The 31-year-old from Makiki records hundreds of hours of TV shows on the DVR he got as a gift in 2000. He records ER, Friends and reruns of Seinfeld to watch whenever he has the time.
"It totally fits my lifestyle," says the information-technology specialist at Verizon Wireless, who doesn't get home from work until 8 p.m. "I'm not your typical couch potato."
While Tsuji does admit to watching TV motionless from the couch, he prefers to do other things, such as checking e-mail or doing laundry, while the TV is on. The DVR allows him to ignore the TV until he hears something that interests him; then he can rewind to see what he's missed.
"I can make my own instant replay," he says.
DVRs are the latest technological additions to the TV viewing experience. Instead of grappling with a VCR to set and record a particular TV show at a particular time, a DVR will do it automatically. No hassles, no problems.
This user-friendly quality is what has made DVRs so popular in recent years, with various cable companies offering the service introduced by TiVo six years ago.
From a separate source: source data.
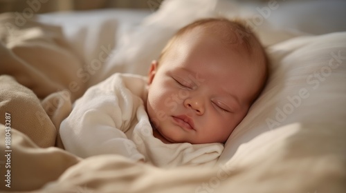 Sleeping newborn baby in a warm, minimal nursery, calm atmosphere highlighting simplicity, care, infant wellbeing, comfort, and mindful parenting moments. cinematic color correction, natural uneven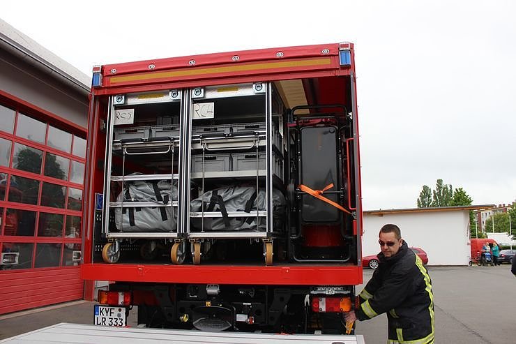 Auf dem Fahrzeug ist die komplette Ausstattung verlastet, die für den Aufbau und den Betrieb eines Dekontaminationsplatzes benötigt wird.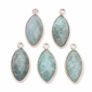 Natural Amazonite Pendants, with Golden Plated Edge Brass Findings, Faceted, Horse Eye, 20x9x5mm, Hole: 1.2mm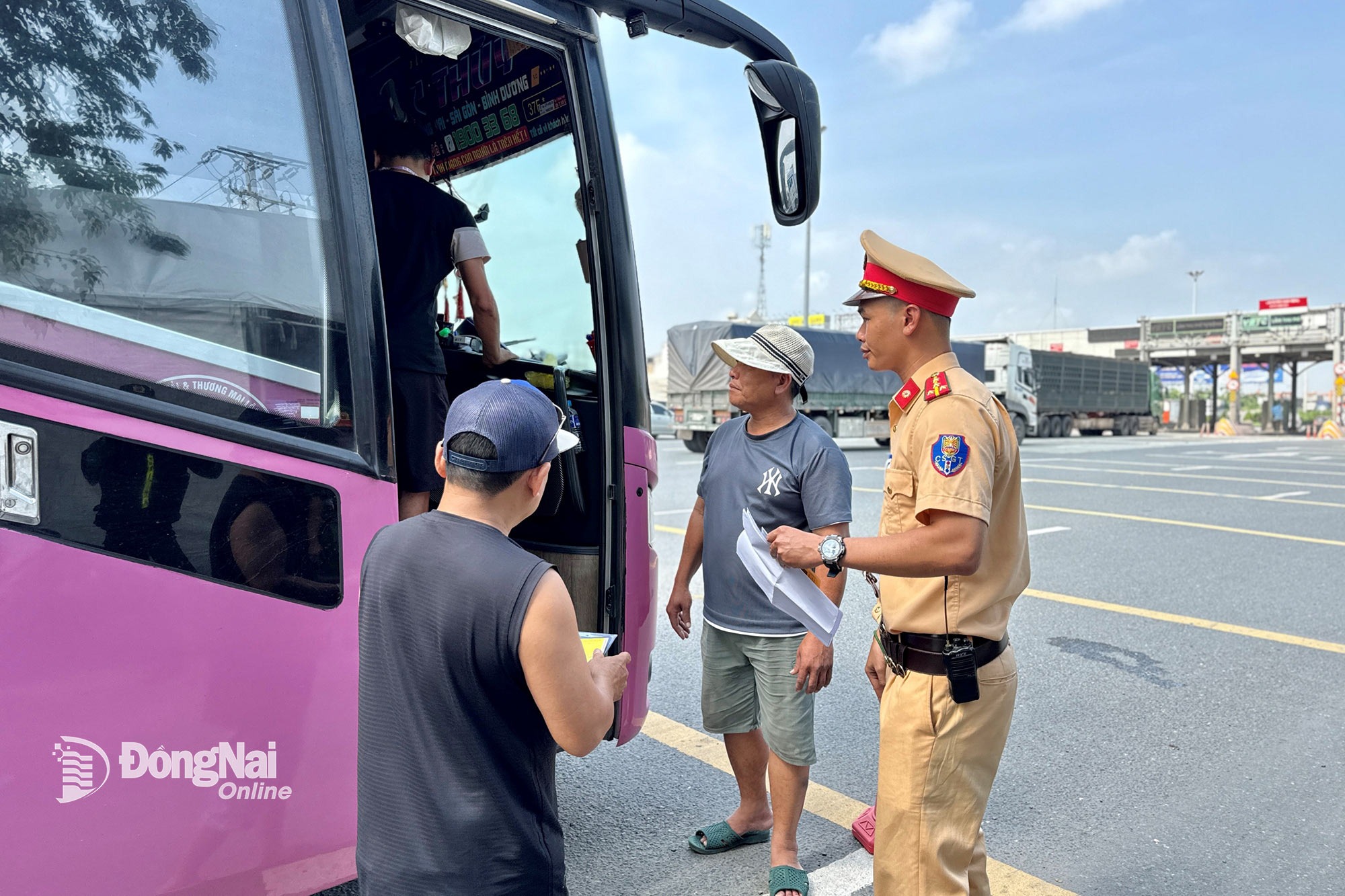 Cán bộ, chiến sĩ Phòng Cảnh sát giao thông, Công an tỉnh Đồng Nai kiểm tra xe khách lưu thông trên quốc lộ 1 hướng về cầu Đồng Nai (phường Trấn Biên, tỉnh Đồng Nai). Ảnh: Đăng Tùng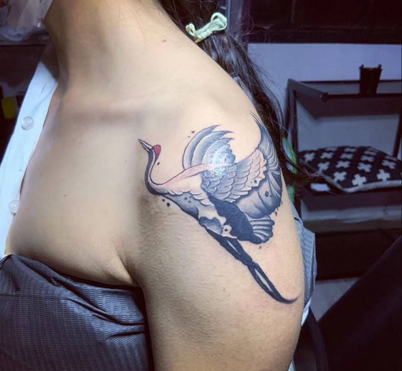 当前位置: 首页 >四川省成都市纹身店-520tattoo瞳稚刺青纹身图案>仙鹤纹身图片_肩部水墨纹身图案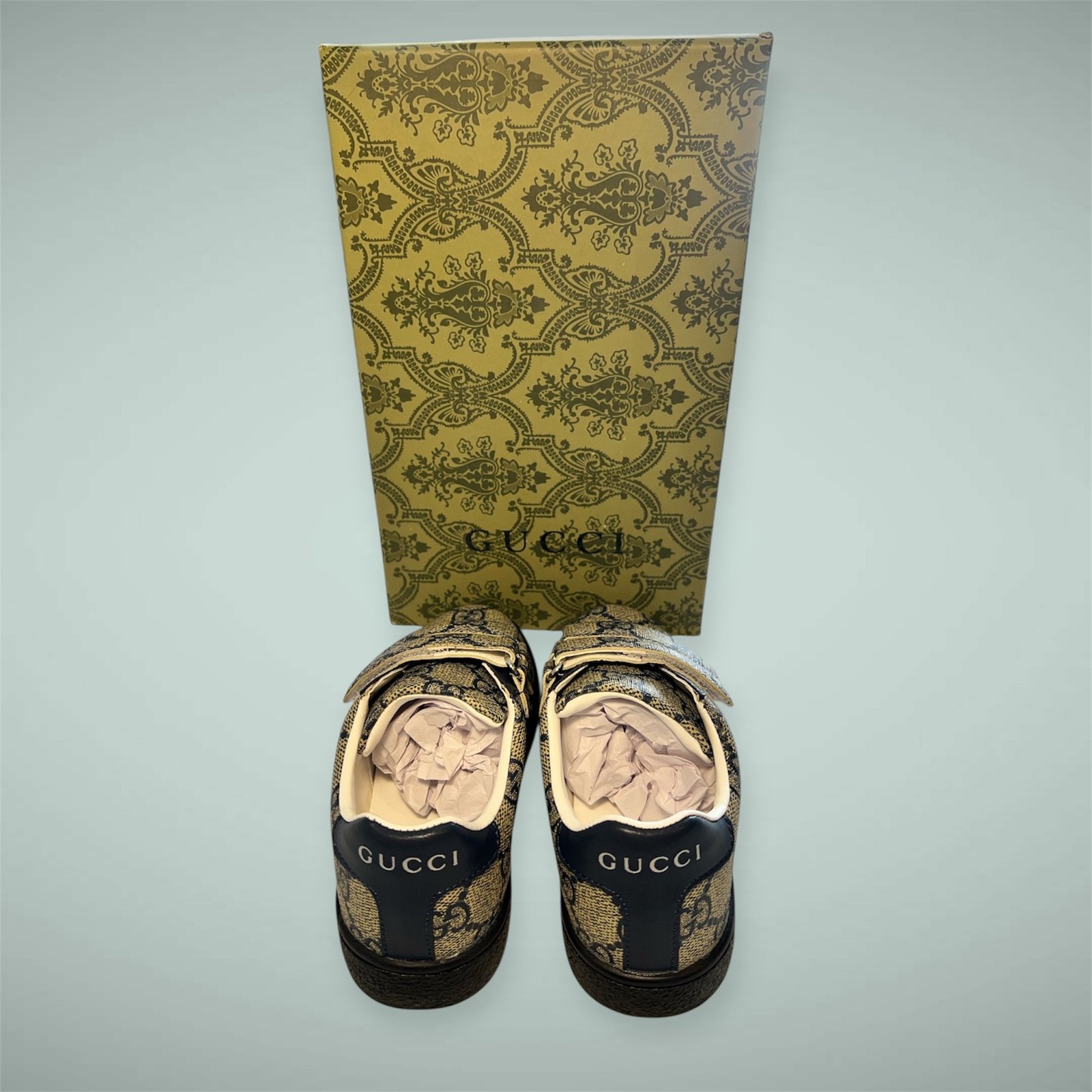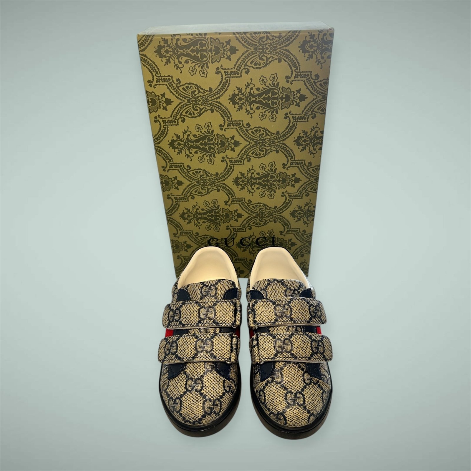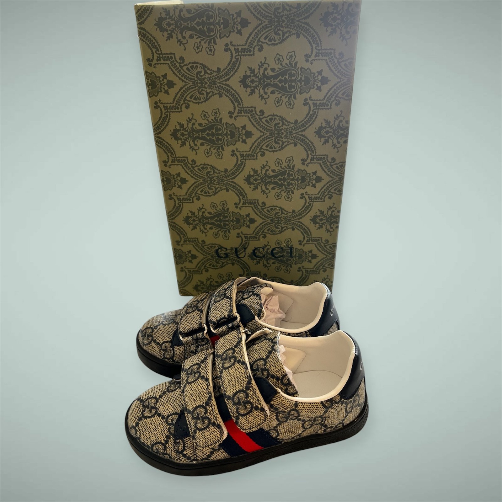 Toddler GG Monogram Canvas Shoes, size 8.5 toddler. Features a beige canvas upper with classic black GG monogram, navy leather trim, red accent stripe, and a bow detail on the lace-up front. Cream-colored interior and black rubber sole. Comes with the original box with ornate paisley pattern. Style perfect for luxe toddler fashion. UPGRADE YOUR KIDS STYLE TODAY! Brand new never used

"I define generations by those who can program a VCR and those who can't. [DVR service] was created for the latter group," says Nate Smith, president of Oceanic and Time Warner Cable's Hawaii Division. The subsidiary of Time Warner Inc. (NYSE:TWX) was No. 22 on Hawaii Business' Top 250 list, with $249 million in 2002 gross sales.
Oceanic Cable began offering a DVR service in mid-2003, and had already seen an increase in popularity with the service by December 2003. Approximately 10 percent of its digital customers, or roughly 9,000 households, were subscribing to the DVR service at a cost of $9.95 per month.
"It's so easy to use," says Smith, who admits to enjoying the luxury of DVR at home. "You don't have to be a technology wizard whatsoever … It's more than just easy. It's amazing."
A DVR is a device that allows users to record hours of television on a hard drive, as well as pause and rewind TV shows while they are airing. DVRs are becoming as mainstream as DVD players, changing the way Americans watch TV.
TiVo pioneered the DVR in 1997, offering a monthly service to operate a DVR that records up to 80 hours of TV shows. Currently, TiVo charges $12.95 a month for its service.
However, the difference with TiVo, Smith argues, is that it operates much like a VCR. You have to watch your programs through TiVo in order to record them. With a DVR service, through digital cable companies such as Oceanic, users don't have to switch from TV to a DVR to watch and record programs. The DVR is already recording whatever they're watching without having to program it. Pausing or replaying a scene is as easy as pushing a button.
In Hawaii, the demand for DVR service has grown consistently, Smith said. That follows a nationwide trend. When Time Warner Cable of New York City, which serves 1.2 million customers, began offering a DVR service in 2003, people waited in a two-hour line outside a customer service center on 23rd Street in Manhattan.
Nationwide, Time Warner has about 250,000 DVR customers. The company plans to add a DVR box, with a high-definition picture, early 2004, as well as a DVR that can link to more than one TV set.
In November, TiVo, the industry's pioneer, reported record subscription and revenue growth for the third quarter ending Oct. 31. The San Jose-based company earned a quarterly revenue record of $43.3 million, an increase of 73 percent over the same period in 2002. TiVo added about 59,000 new service subscriptions in the quarter, nearly doubling the growth of the same period in the year prior. The company expects those figures to grow.
Although DVRs are becoming more advanced, Tsuji is content with what he uses now - a first generation TiVo DVR that does the job. "I have a second-generation one," he says, "and it's still sitting in the box."